Timothy Lean was in a quandary, which is like a quarry but self-creating. It was driving him to strong language.
(geez)
The exam leered at him from the vast, sparkling emptiness of his desk. Its surface was a painful white; the white of a blister – from frost, from fire, from sweat. It was making him cross.
(shit, fuck)
Timothy ransacked his skull – oh, how he hated the emptiness of that thing! – and found nothing. But wait, but wait! Just behind that was…
…more nothing.
Stumped.
(BALLS!) he shouted aloud, and was tossed out immediately.
So Timothy Lean picked up his backpack and his hat and his gripes and he dragged them all the way down the subway through the winding ways up beneath the highways and into the farthest pits of the byways, where he found his grandmother, who was a witch.
“Grandmother,” he said to her, “you’re a witch.”
“Yes,” said his grandmother. “You know that. I know that. Everyone else knows it too. You benefitted nothing and no one with that sort of thing. This is why your mother and I don’t speak.”
“Grandmother,” he ploughed onwards, “I am most pretty profoundly cursed in my brains. Every exam I’ve taken for the past six months, I’ve found myself stuck. Caught. Stopped dead. Stumped.”
“Study harder,” she told him.
“Well that’s not very helpful.”
“Neither are you.”
“I know you are but what am I?” asked Timothy, cunningly.

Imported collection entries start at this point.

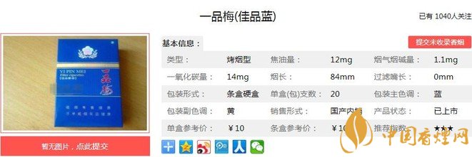一品梅佳品藍香煙曾經(jīng)是很多人心中的經(jīng)典,香氣豐富飄逸,煙氣柔和,吸味醇和,余味純凈舒適,回味甜感。很多人稱它藍一品,在煙民心中的地位很不錯,但目前已經(jīng)很難找到了。經(jīng)香煙網(wǎng)小編市場調(diào)查一品梅佳品藍售價為10元/包。
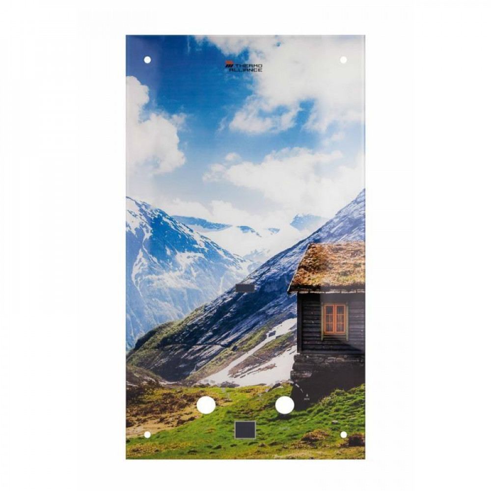 Скляна панель для газових колонок Thermo Alliance (30130102200129) виконана з малюнком гір. Ручки, дисплей, болти кріплення в комплект не входять.
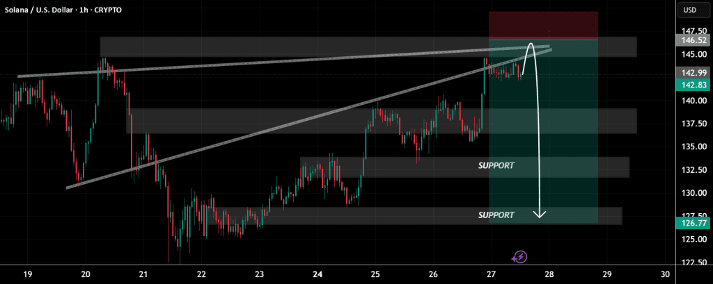 سولانا در برابر دلار آمریکا تو تایمفریم ۱ ساعته، با چندتا عنصر تکنیکال که برای نشون دادن یه الگوی احتمالی برگشت نزولی مشخص شدن.
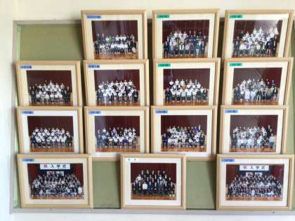 職員室前に学級写真、職員写真を掲示しているコーナーがあります。
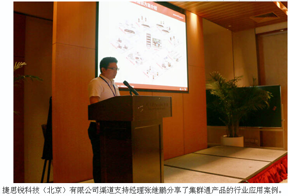 捷思銳科技(北京)有限公司總裁溫斌先生為大會致辭。溫總認(rèn)為,在移動互聯(lián)網(wǎng)浪潮和“互聯(lián)網(wǎng)+”概念推動下,以及移動互聯(lián)網(wǎng)和通信技術(shù)融合的快速發(fā)展,更多傳統(tǒng)企業(yè)開始積極擁抱移動互聯(lián)網(wǎng)。溫總向大家展示了“互聯(lián)網(wǎng)+對講機”的新時代下,捷思銳的集群通運營平臺產(chǎn)品及愿景,打造電信級業(yè)務(wù)平臺、一體化運營服務(wù)、良性的產(chǎn)業(yè)鏈,以構(gòu)建新的產(chǎn)業(yè)格局。
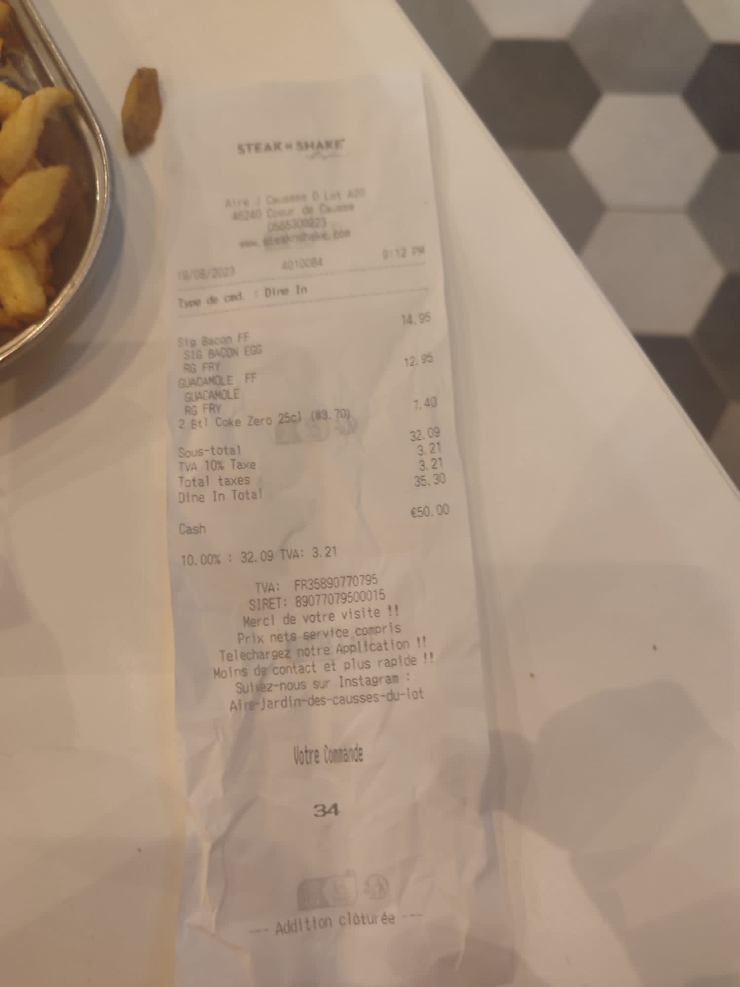 Bon steak 'n' Shake idéalement situé entre Brive et Cahors et en + au sein d'une bonne aire d'autoroute. Néanmoins lors de ma commande il y a eu confusion et ils ont servis d'autres convives avec ma commande.... mais si ils ont corrigés mon temps perdu n'est pas revenu ! Sinon bonne qualité de burger et milkshake.
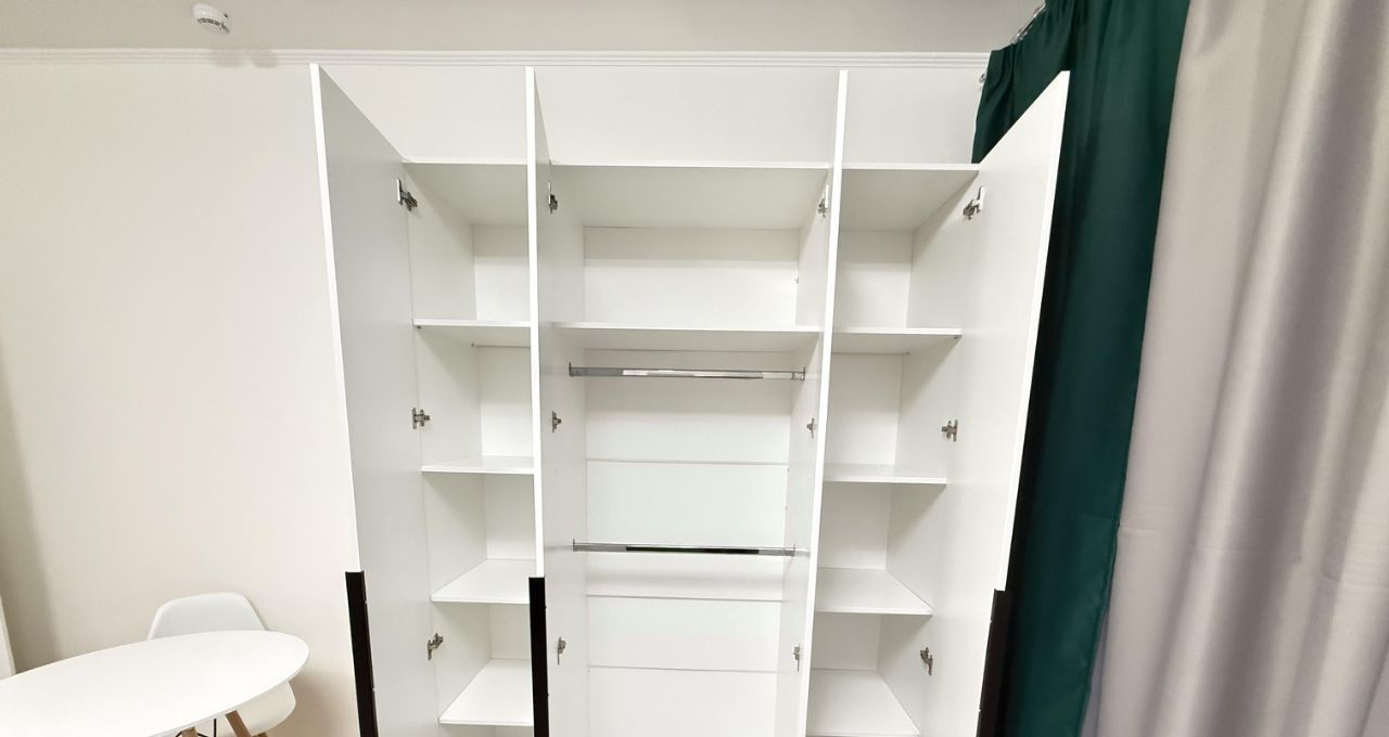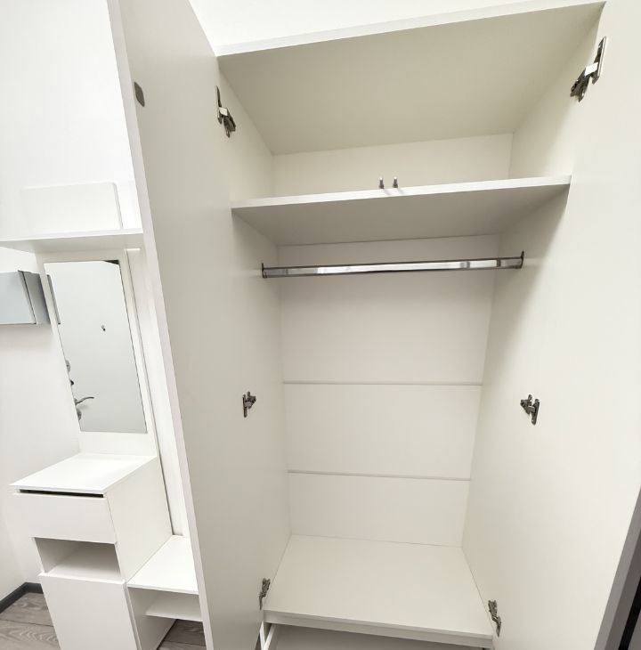 Комната оборудована просторным шкафом и удобным диваном, а также обеденной зоной.

His grandmother had fallen right into his trap – filled with as much disgust as she was at that moment, she would’ve agreed to run over glass barefoot to get him out of there. “Fine. Fine. Here’s your stupid magic, you rotten fruit of my fruit’s loins. Put this little twig around your neck. Then, just before your exam, find a tree. Walk up to it and put your lips to its knothole and say ‘I’m stumped!’ loud and clear. Then get out of the way and go inside and take your exam and everything should work out okay.”
“Will I get As?”
“It’s magic, not miracles. You’ll get Cs and like it.”
“Okay, okay, okay,” he sighed, and he put the twig around his neck and walked home without saying thank-you, which honestly was to his benefit as his grandmother probably would’ve smacked his teeth loose if he’d said one more word in arm’s reach.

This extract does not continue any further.